Le recyclage des vieux papiers est une affaire compliquée. La construction de l’usine est très coûteuse et ceci se traduit dans le prix de revient du produit fini car la capacité d’une telle usine est limitée par la disponibilité de la matière première. Ensuite, l’usine est très gourmande en consommation d’énergie et, contrairement à une usine de pâte classique, il n’y a pas de surplus à vendre, ni en somme aucune autonomie énergétique.
Le papier est broyé pour le désintégrer ; des produits chimiques y sont introduits afin de séparer les fibres des encres d’impression ou du toner des photocopies. En plus, on doit faire face à un élément très perturbateur qui est l’adhésif autocollant. Aussi pratique qu’il peut être dans la vie courante, il est totalement inadmissible en papeterie car il s’attache aux cylindres de séchage de la machine à papier et fait des trous dans la feuille de papier. Il faut donc l’éliminer entièrement et cela se fait difficilement.
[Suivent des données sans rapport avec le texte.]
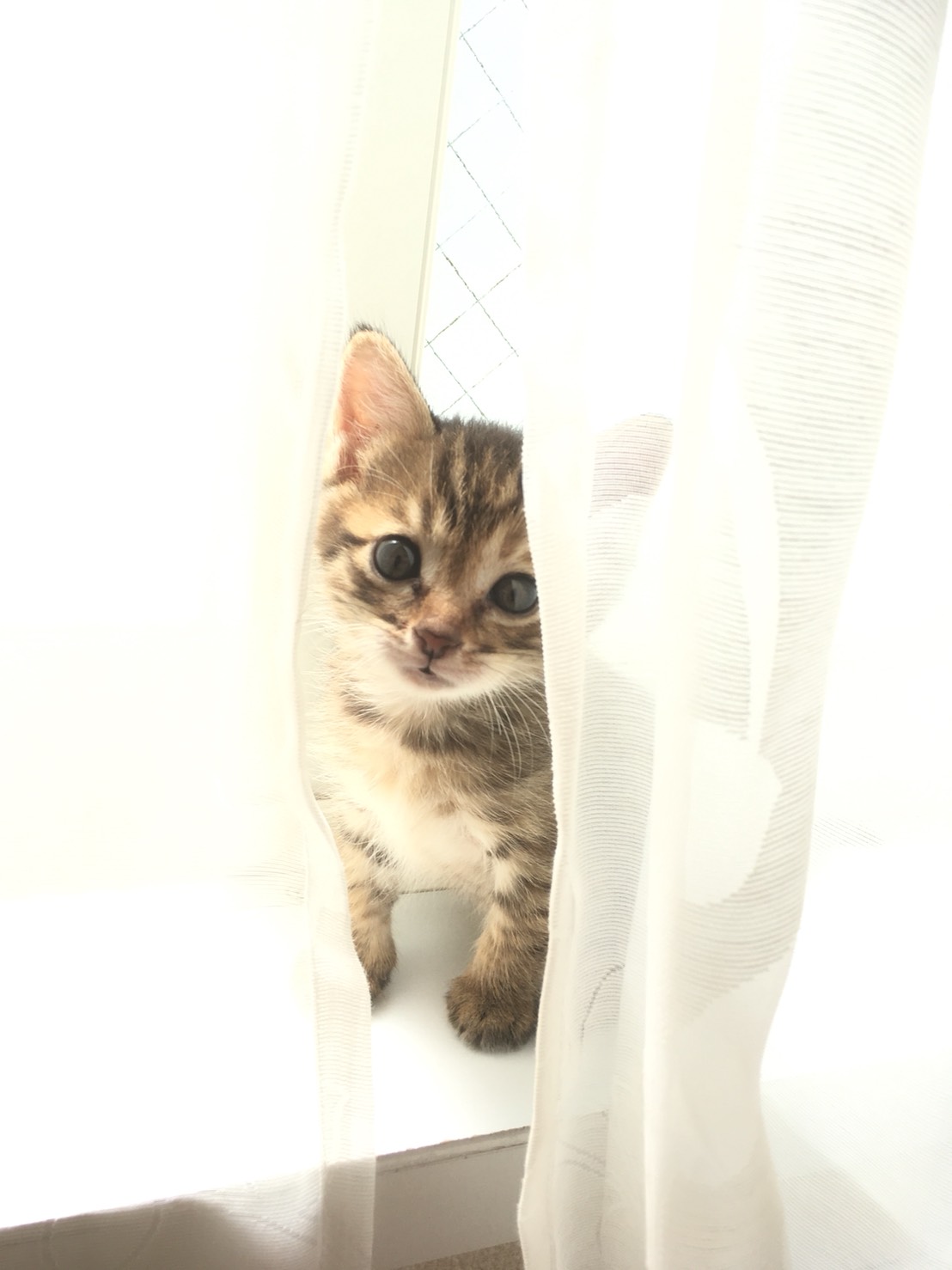 カーテンの向こうから覗いているのは天使♡ 我が家の大切な家族です。出逢えて良かった☆ 神さま、ありがとう。

En même temps que la libération des fibres, ce procédé sépare les métaux lourds contenus dans les encres ainsi que le kaolin des papiers couchés. Les métaux lourds sont une source potentielle d’empoisonnement de l’environnement et la seule vraie manière de diminuer leur potentiel est de les incinérer. Par contre, la « boue » constituée de kaolin et d’autres matières peut servir à la fabrication de briques ou même servir de chape pour recouvrir les lieux d’entreposage des ordures, permettant ainsi à y superposer de la terre et de rendre le terrain apte à l’agriculture, tout en empêchant la remontée de toute matière offensive.
Pratiquement toutes les usines de pâtes recyclées de marché connaissent des difficultés financières. Tout d’abord, l’investissement initial est onéreux et la technique du recyclage lui-même est loin d’être une science exacte. On peut s’approcher de la perfection mais en y mettant le prix, ce qui rend les coûts de l’opération encore plus tendus. En somme, dans plusieurs exemples, il serait nécessaire de vendre le produit à un prix encore plus élevé que celui de la pâte vierge. Cela est parfois possible lorsque l’on fournit des papeteries qui parviennent à se développer un marché pour le papier recyclé. Par exemple, beaucoup d’administrations, notamment aux Etats-Unis, obligent leurs départements à n’utiliser que du papier recyclé. Ce papier revient souvent plus cher à l’achat que du papier « normal ». En Suisse, beaucoup d’administrations et d’ONG ont recours au papier grisâtre recyclé. En somme, la qualité des pâtes recyclées est telle que certaines papeteries sont obligées d’ajouter des colorants pour abaisser la blancheur au niveau voulu !
Malheureusement, la pâte recyclée ne représente pas une solution polyvalente. Les fibres de cellulose sont déformées lors de la première fabrication de papier ; ensuite, les divers traitements nécessaires pour désintégrer les fibres à nouveau pour en refaire de la pâte, affaiblissent les résistances mécaniques. Il est donc pratiquement toujours nécessaire d’y ajouter de la pâte vierge pour assurer une solidité suffisante pour que le papier puisse passer en imprimerie ou en transformation.